Feb. 27, 2011, 1:45 a.m.
posted by quicksort
Fine-Tune Your Data Collection
One of the most important steps during implementation is fine-tuning your data collection to suit your specific needs.
One of the things that web measurement in no way lacks is available data there are hundreds of primary reports that can be generated and thousands of secondary reports available when you begin to drill down and cross-tab within the data. While some paint the plethora of data as "good news, " the converse is often true: there is definitely such a thing as "too much information" in web measurement.
This is one reason key performance indicators [Hack #94] are such a valuable management tool: they help simplify data presentation and dissemination. After you have carefully considered your data needs before you set everything up [Hack #14], the next step is to fine-tune the data you collect so that you can make effective use of the KPI framework.
Web Server Logfiles
One of the first steps in reducing clutter is to log only data that you might like to eventually analyze. In the web measurement world, a web server logfile [Hack #22] refers to a combination of as many as four individual files: error logs, access logs, referrer logs, and agent logs. Fortunately, the combined and extended log formats used by Apache, Internet Information Server, and other popular web servers remove the need to process four separate files by combining useful elements into a single entry in the access log (often called the NCSA Extended or "combined" log format).
The combined logfile looks something like this (from http://httpd.apache.org/docs/logs.html#combined):
127.0.0.1 -frank [10/Oct/2000:13:55:36 -0700] "GET /apache_pb.gif HTTP/1.0" 200 2326 "http://www.example.com/start.html" "Mozilla/4.08 [en] (Win98; I ;Nav)"
The combined logfile provides a record of every request for every resource made to the web server. You're technically not required to record every hit [Hack #1] in the logfile. In fact, many people choose to exclude image requests from logging to cut down on the sheer volume of requests logged. In Apache, a change to mod_log_config will allow you to exclude image (GIF, PNG, or JPG) requests from your logfile:
SetEnvIf Request_URI "(\.gif|\.png|\.jpg)$" image CustomLog logs/images.log common env=image CustomLog logs/access.log common env=!image
Making this change to mod_log_config, and restarting Apache will exclude requests for images from your primary access log and instead write them to a separate file (images.log), which can periodically be erased to save space.
Every little bit of code reduction improves the initial performance of a page tag, something important to accuracy of measurement and, in some instances, the perception of page load time into the visitor's browser. In the same way, you should always strive to present visitors with the most optimized page possible. Any code used on your site should also be optimized.

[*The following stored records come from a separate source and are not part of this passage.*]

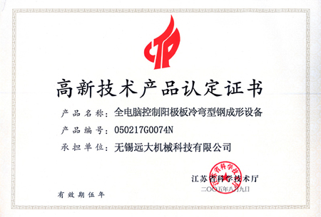 高品證書(shū)(全電腦控制陽(yáng)極板冷彎型鋼)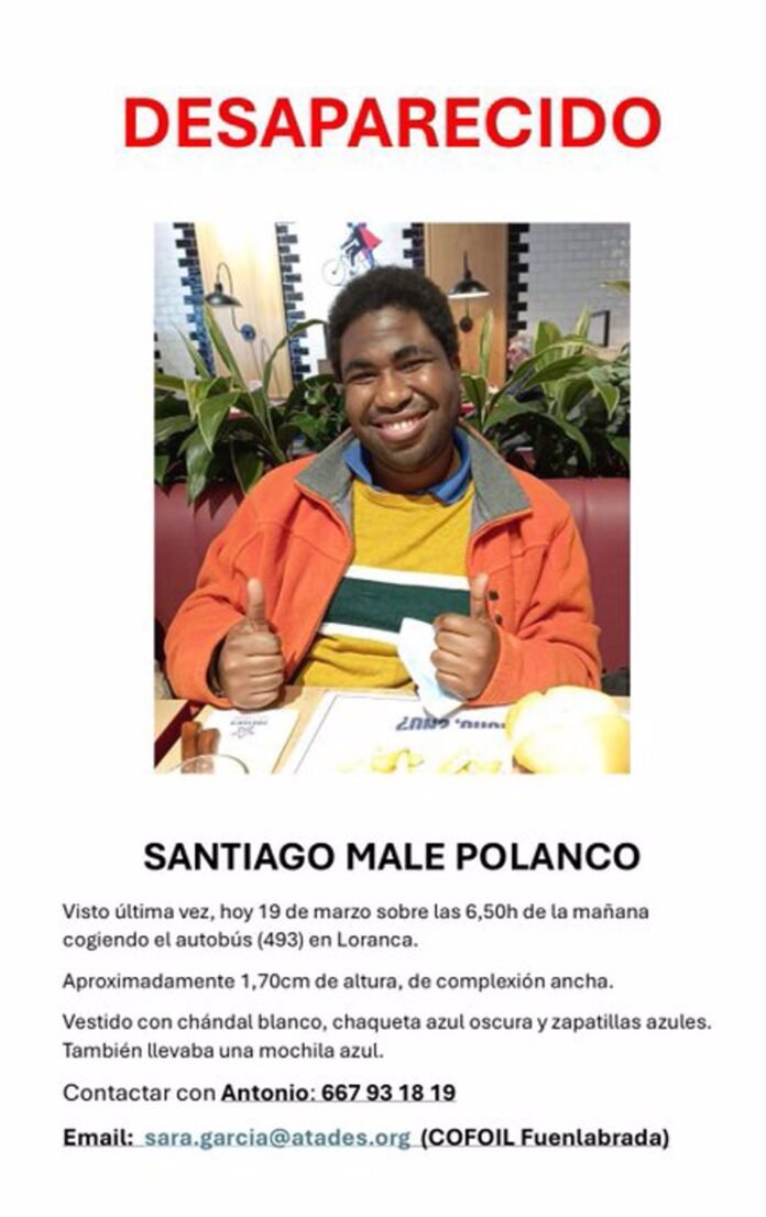 El desaparecido se llama Santiago Male Polanco. Es un hombre de mediana edad y de raza negra. Mide 1,70 metros de largo y tiene complexión corpulenta.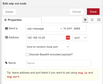 UDP Out node configuration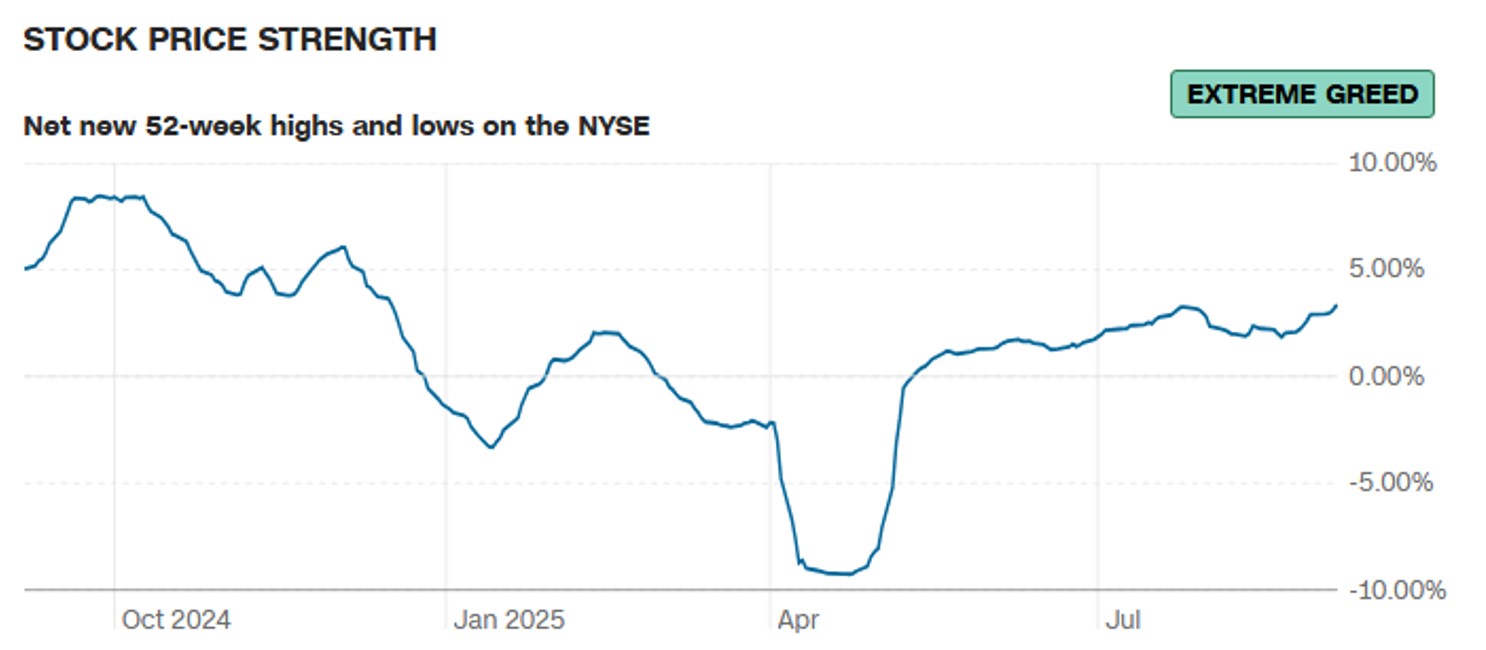 미국 증시에서 최근 1년간 최고가인 주식과 최저가인 주식의 종목수를 비교하여, 최고가가 더 많으면 현재 증시가 활기가 있는 것으로 해석하고, 최저가가 더 많으면 반대로 해석한다. 소수 대형주의 영향으로 나타날 수 있는 증 전체의 착시효과를 줄이기 위해 활용된다.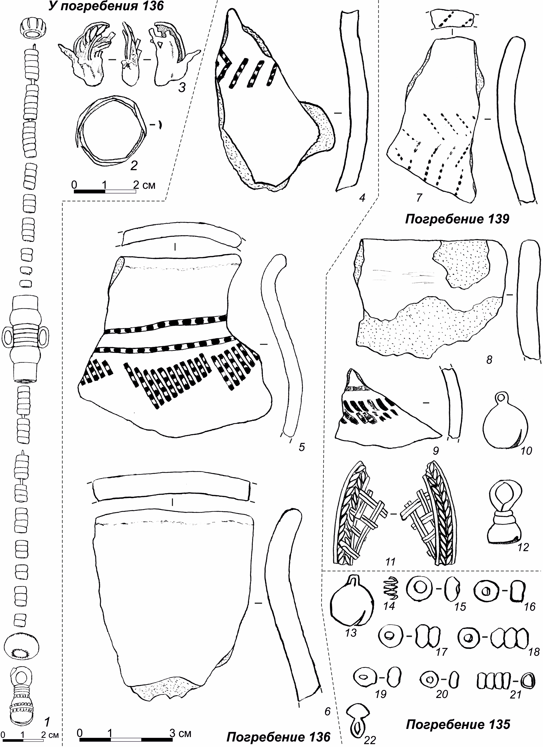 Соседнее погребение 135 содержит многочисленный инвентарь, значительная часть которого носит следы сильного обжига. Найдены три грибовидные пуговицы, два шаровидных бубенчика с линейной прорезью, спиралевидная пронизка, 12 оплавившихся деформировавшихся украшений, не поддающихся определению, каплевидные слитки металла, 27 бусин, среди них четыре бронзовые кольцевидные, спекшиеся, остальные – стеклянные: мелкие зонные, три сдвоенные, одна строенная, тонкий железный стерженек, возможно, шило, бронзовая пластинка, обломки железных предметов и многочисленные фрагменты двух или трех сосудов (рис. 4, 13-22). Выделяются фрагменты двух крупных чашевидных неорнаментированных сосудов и фрагмент венчика сосуда, орнаментированного по торцу и плечику наклонными рядами оттисков зубчатого штампа. В формовочной массе сосудов примесь крупнотолченой дресвы (рис. 5, 1, 2).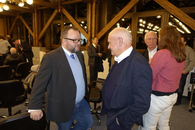 Aufeinandertreffen der OB-Kandidaten (von links): OB Martin Wolff, Aaron Treut, Moderator Gerhard Meier-Röhn sowie Heinz-Peter Schwertges und Andreas Leiling. swiz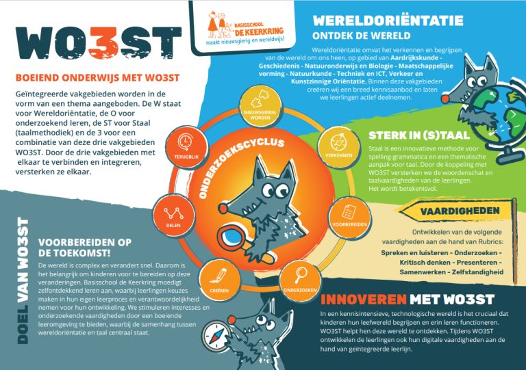 Het vak WO3ST staat voor WereldOriëntatie, onderzoekend leren (3) en STaal. In de ochtend gebruiken we de methode Staal voor taal- en spellingonderwijs. De middagen staan in het teken van wereldoriëntatie. De thema’s van Staal zijn leidend. De vakken mens & maatschappij, aardrijkskunde, natuur, geschiedenis, techniek en digitale vaardigheden zijn met deze thema’s verwerkt in een leerlijn. In deze leerlijn werken de leerlingen aan vaardigheden en kennisdoelen. De inhoud is afgestemd op de kerndoelen van het SLO. Om een onderzoekende houding te stimuleren volgen we de stappen van de cyclus van onderzoekend leren. Hiervoor hebben we een stappenplan samengesteld dat elk thema wordt doorlopen.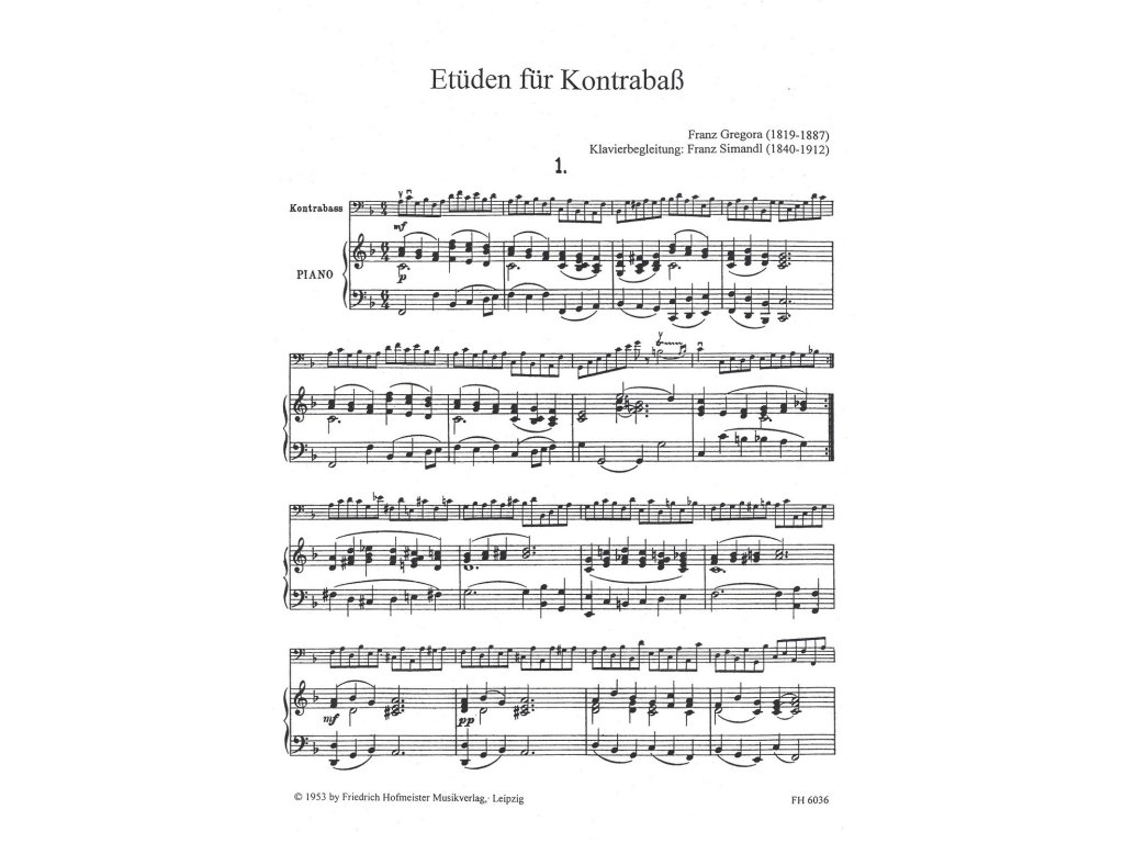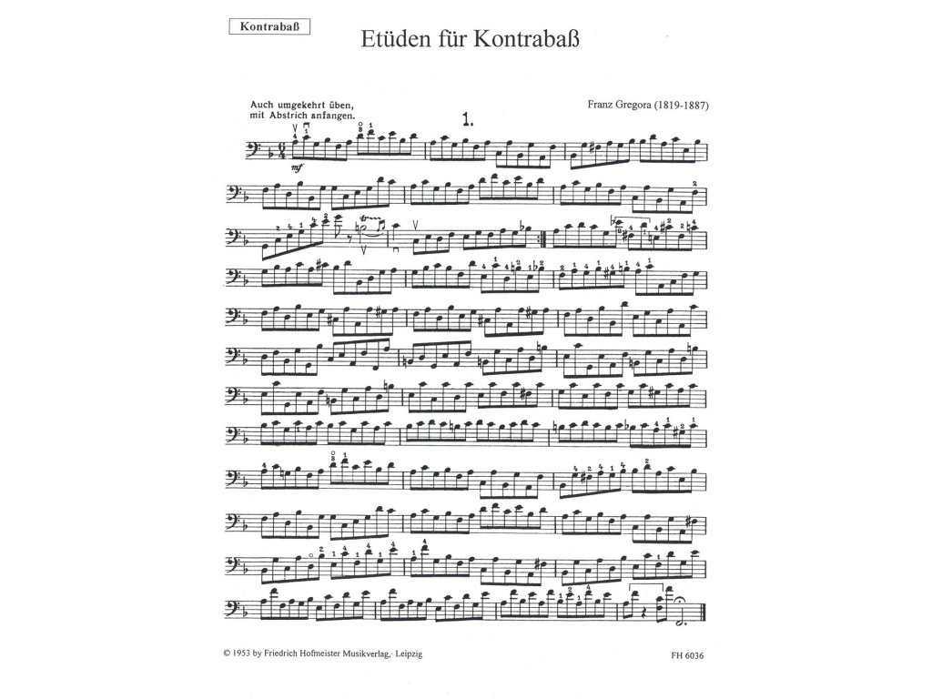 GREGORA FRANZ: ETUEDEN fur Kontrabass / kontrabas a klavír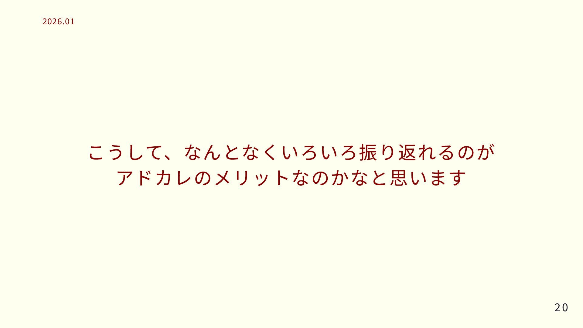 こうして、なんとなくいろいろ振り返れるのが アドカレのメリットなのかなと思います 20 20 2026.01 2026.01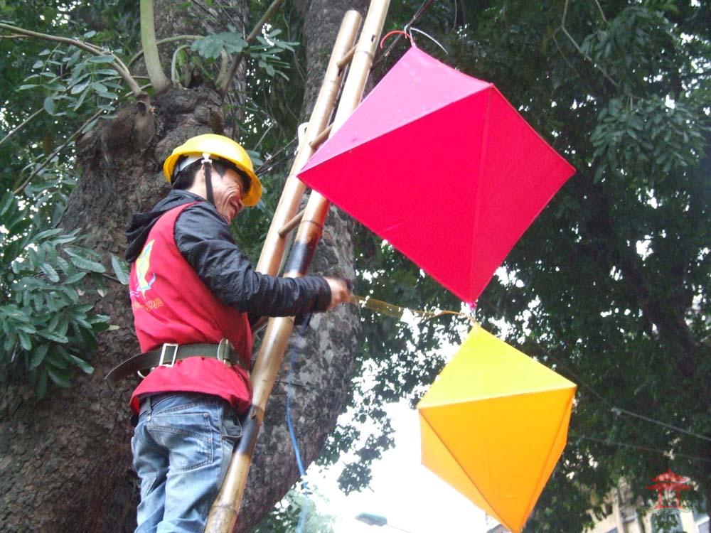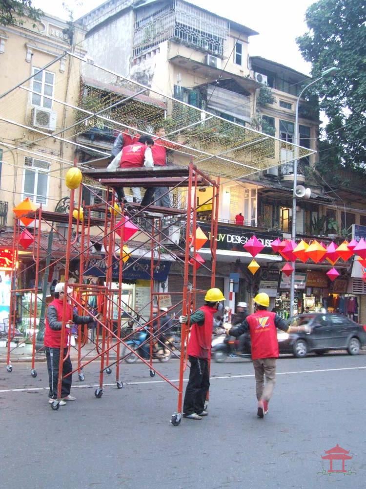 Đèn trang trí dọc theo phố Hàng Khay, đầu phố Bà Triệu, Tràng Thi đã được chăng lên với nhiều khuôn dạng phong phú: khối vuông, tròn. Đèn lồng theo hình quả trám với sắc mầu vàng, đỏ, da cam. Không thả một cách đơn giản như đoạn đầu phố Điện Biên Phủ.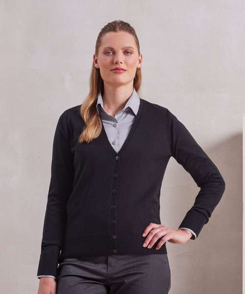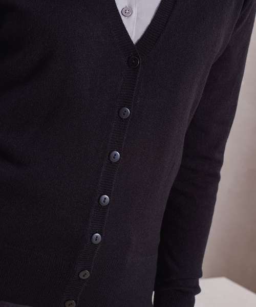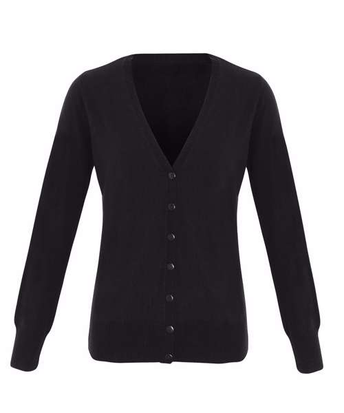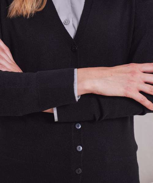 A simple easy wearing cardigan for ladies that adds layers of style to your outfit. Designed with ribbed knit set-in sleeves, hem line and v-neck for a contemporary modern look. Self-coloured button through style. A wardrobe essential for staff who need to maintain a smart corporate image at all times.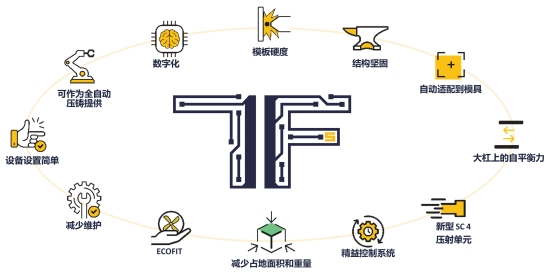 以定制化为准则»满足客户的需求: 意特佩雷斯高斯的新一代TF压铸机采用模块化设计,更加灵活,在1400吨至11000吨合模力的12种设备尺寸中,您可以选择55种以上不同的优化配置,以及高达6种不同类型的压射选项和两种版本的合模机构,每个核心模块都经过性能预测试和预认证- 现场组装,快速且无需预构建,跳过了可以避免的步骤,您可以更快地获得所需的设备,这也是关键的竞争优势。

Here are some categories you should consider eliminating:
Data about plug-ins
Unless you're deploying some kind of specific program to collect data about plug-ins [Hack #73], you should consider having this code removed.
If you're absolutely sure you don't have any downloadable files on your siteno PDFs or EXEs or DOC/XLS/PPT files that anyone would be requesting from your sitethis code is often suitable for removal. If in doubt, keep this code in place for 90 days to be absolutely sure you don't have downloadable files. Once you're sure that no such files exist, consider removing this code.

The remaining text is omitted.